▶ **What is required**:
With the pictures left out, reproduce exactly the lines from the one containing "Die Immobilie verfügt" through the final line of the entries.

▶ **Excerpted records**:

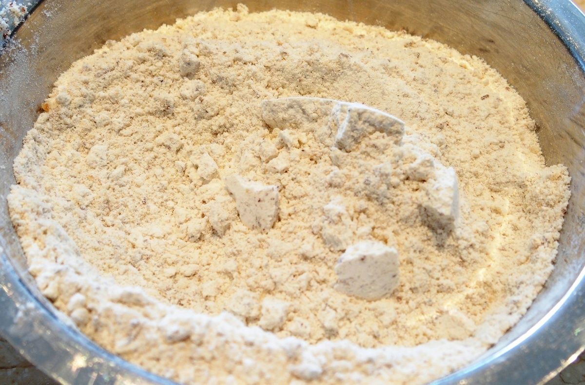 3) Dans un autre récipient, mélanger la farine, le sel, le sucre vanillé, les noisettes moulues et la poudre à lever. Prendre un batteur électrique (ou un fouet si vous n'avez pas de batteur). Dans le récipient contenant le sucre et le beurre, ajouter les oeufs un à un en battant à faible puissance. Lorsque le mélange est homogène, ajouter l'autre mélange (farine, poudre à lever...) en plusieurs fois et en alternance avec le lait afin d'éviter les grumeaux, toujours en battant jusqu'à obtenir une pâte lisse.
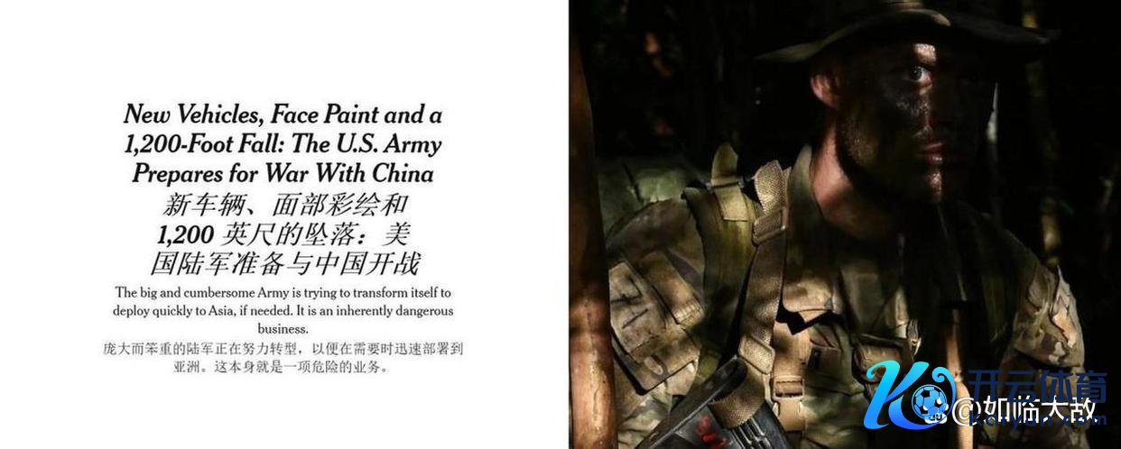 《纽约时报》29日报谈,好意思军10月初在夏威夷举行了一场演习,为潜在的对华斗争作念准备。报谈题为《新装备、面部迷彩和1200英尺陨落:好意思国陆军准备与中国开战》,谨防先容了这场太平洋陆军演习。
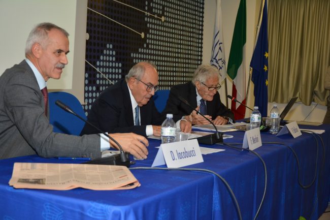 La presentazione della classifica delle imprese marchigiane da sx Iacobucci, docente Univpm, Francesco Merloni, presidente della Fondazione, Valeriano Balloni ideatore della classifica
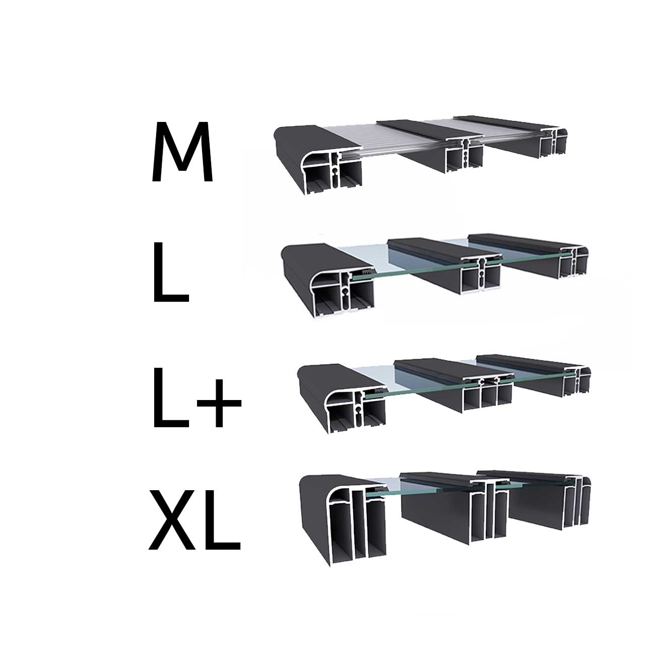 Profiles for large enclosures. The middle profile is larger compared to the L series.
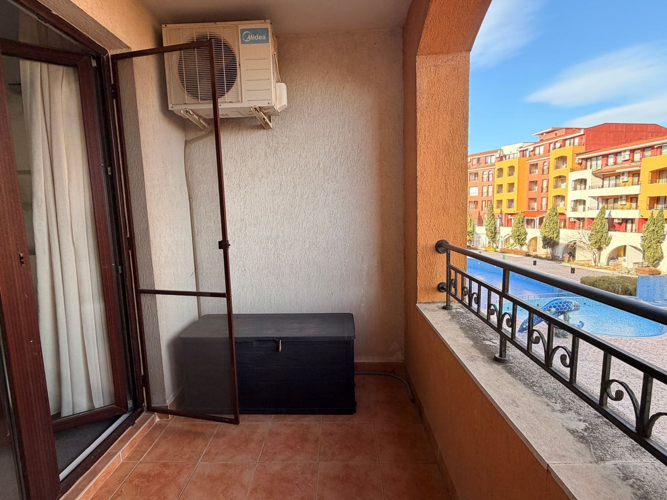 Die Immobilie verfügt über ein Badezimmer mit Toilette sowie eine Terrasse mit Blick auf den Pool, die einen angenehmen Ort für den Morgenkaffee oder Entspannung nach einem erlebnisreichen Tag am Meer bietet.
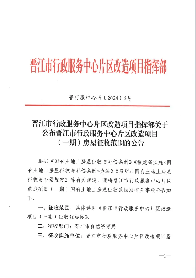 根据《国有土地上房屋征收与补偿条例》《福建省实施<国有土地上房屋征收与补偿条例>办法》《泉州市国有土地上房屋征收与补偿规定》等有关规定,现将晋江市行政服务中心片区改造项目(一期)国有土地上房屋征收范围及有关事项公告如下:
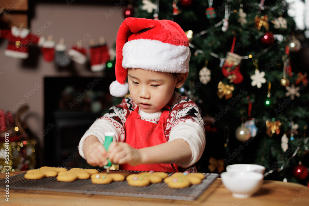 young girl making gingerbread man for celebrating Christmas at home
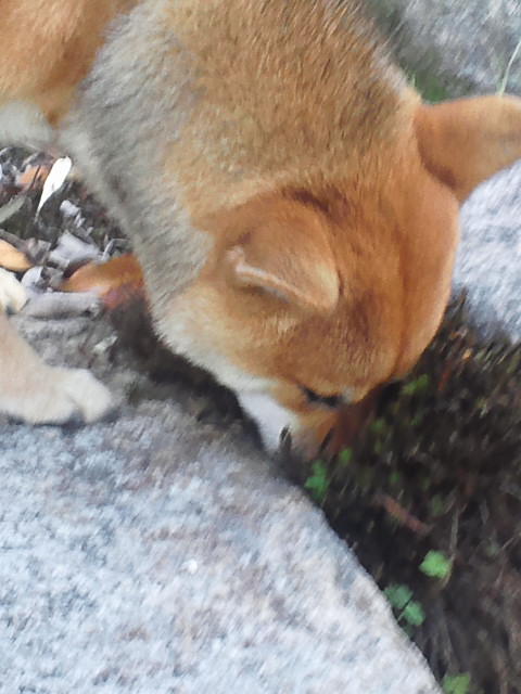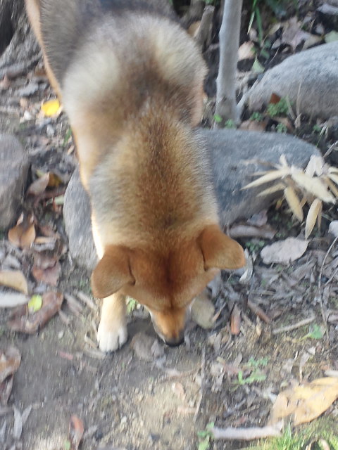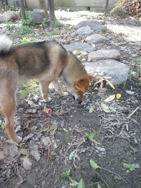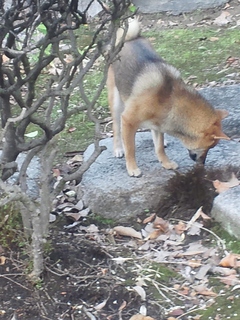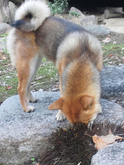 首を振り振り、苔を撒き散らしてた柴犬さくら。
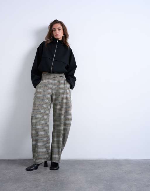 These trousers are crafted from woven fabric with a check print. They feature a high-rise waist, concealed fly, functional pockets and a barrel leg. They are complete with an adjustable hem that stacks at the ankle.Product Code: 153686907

▶ **Answer to this problem**:
 Die Immobilie verfügt über ein Badezimmer mit Toilette sowie eine Terrasse mit Blick auf den Pool, die einen angenehmen Ort für den Morgenkaffee oder Entspannung nach einem erlebnisreichen Tag am Meer bietet.
 根据《国有土地上房屋征收与补偿条例》《福建省实施<国有土地上房屋征收与补偿条例>办法》《泉州市国有土地上房屋征收与补偿规定》等有关规定,现将晋江市行政服务中心片区改造项目(一期)国有土地上房屋征收范围及有关事项公告如下:
 young girl making gingerbread man for celebrating Christmas at home
 首を振り振り、苔を撒き散らしてた柴犬さくら。
 These trousers are crafted from woven fabric with a check print. They feature a high-rise waist, concealed fly, functional pockets and a barrel leg. They are complete with an adjustable hem that stacks at the ankle.Product Code: 153686907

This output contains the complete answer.